I spent today with gulls in a snowstorm, keeping them happy with stale popcorn and bread in hopes of luring an immature Mew Gull into photo range without luck. It was cold, windy, snowing, and dark. Lack of cooperation (by the bird & weather): uncool. The only saving grace was the custom lens & camera cover that my wife made for me, keeping me in business for a few hours without worry of soaking my rig with melting snow.
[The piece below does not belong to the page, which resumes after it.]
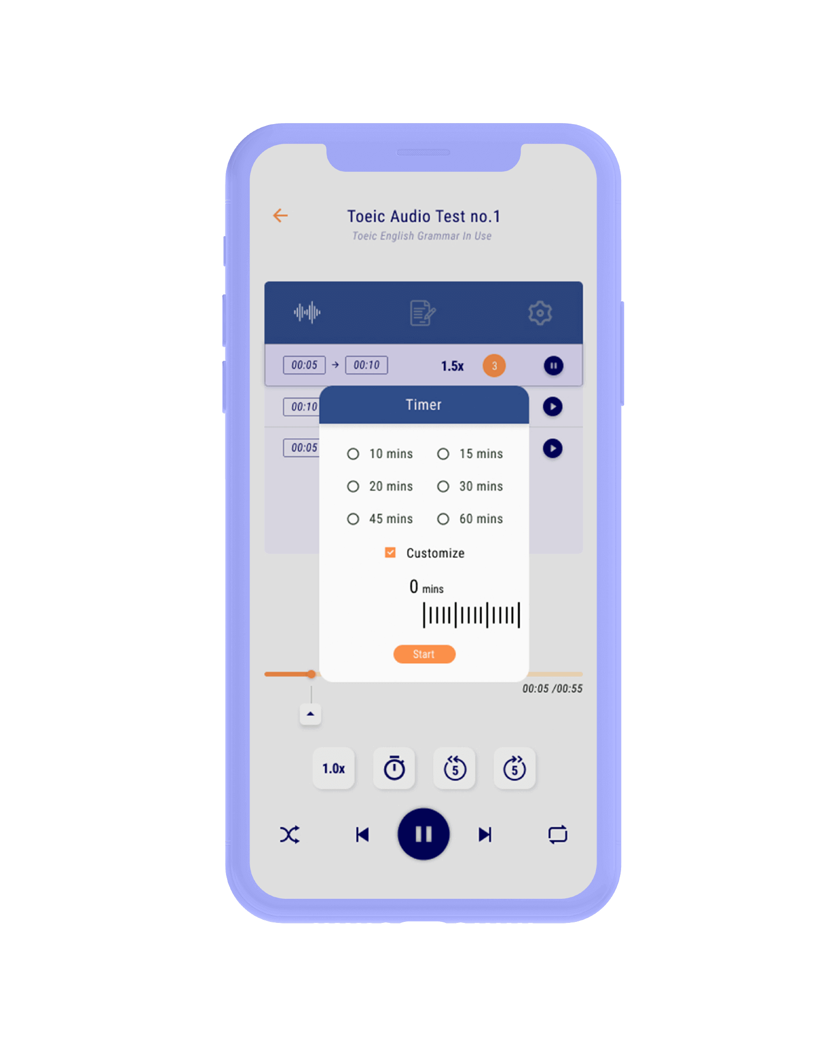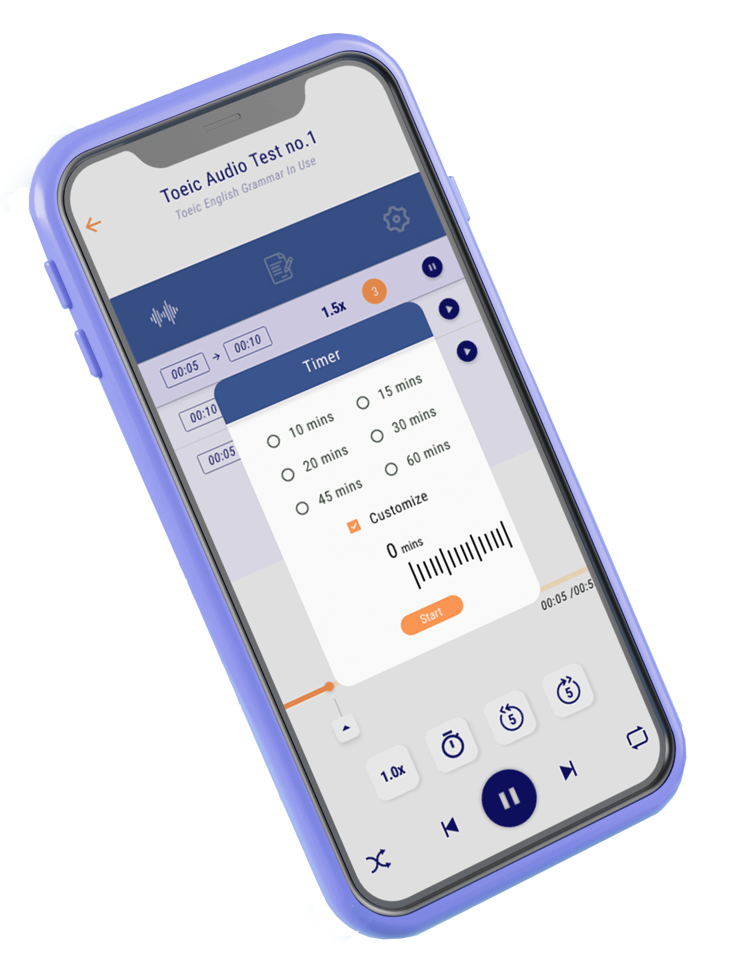 Hẹn giờ tắt ứng dụng. Bạn sẽ không phải lo lắng về việc điện thoại của mình sẽ hết pin khi luyện nghe trước khi ngủ.

Last weekend, however, I ran into an uncommonly cooperative Harlan's Hawk (harlani subspecies of Red-tailed Hawk.) I knew I was in business when a jogger with a dog stopped directly underneath the perched bird and it didn't flush- Cool! Not only was it tolerant of such direct approach, but it made 4 forays into a field with tall grass & weeds, staying down long enough each time for me to re-position with the light behind me to get flight shots as it came back up to the cottonwoods over a bike path to peer some more into the field. Definitely the most cooperative Harlan's Hawk I've run into so far. A few of my hawk-pro friends agree that it is a 2nd-year bird (born two summers ago), having retained the outer 4 juvenal primaries (7-10) and a juvenal secondary #4. Those feathers, being older, are bleached a bit. Otherwise it's dark eye and plumage are typical of an adult intermediate-morph Harlan's Hawk.

3 comments:

Christian Nunes said...

Beautiful bird, Bill. I spent some time with a couple on Saturday and have photos posted here at my Flickr page: http://www.flickr.com/photos/christian_nunes/

The Valmont Rd bird might be an intergrade. But do we really know what the heck these things are?? Later!

Anonymous said...

Bill,

I have been looking at your blog for some time now and I must say your photos are always a treat to the senses. These hawk flight pictures are awesome! Thanks so much for sharing your talent - you truly have a gift!

Anonymous said...

Wow, Bill! I believe those are the best Harlan's photos I've ever seen. Like you I've found them to be much warier than "ordinary" Red-tails. Maybe it's the sparsely populated landscapes they nest in, but I always feel lucky to see one less than a quarter mile away.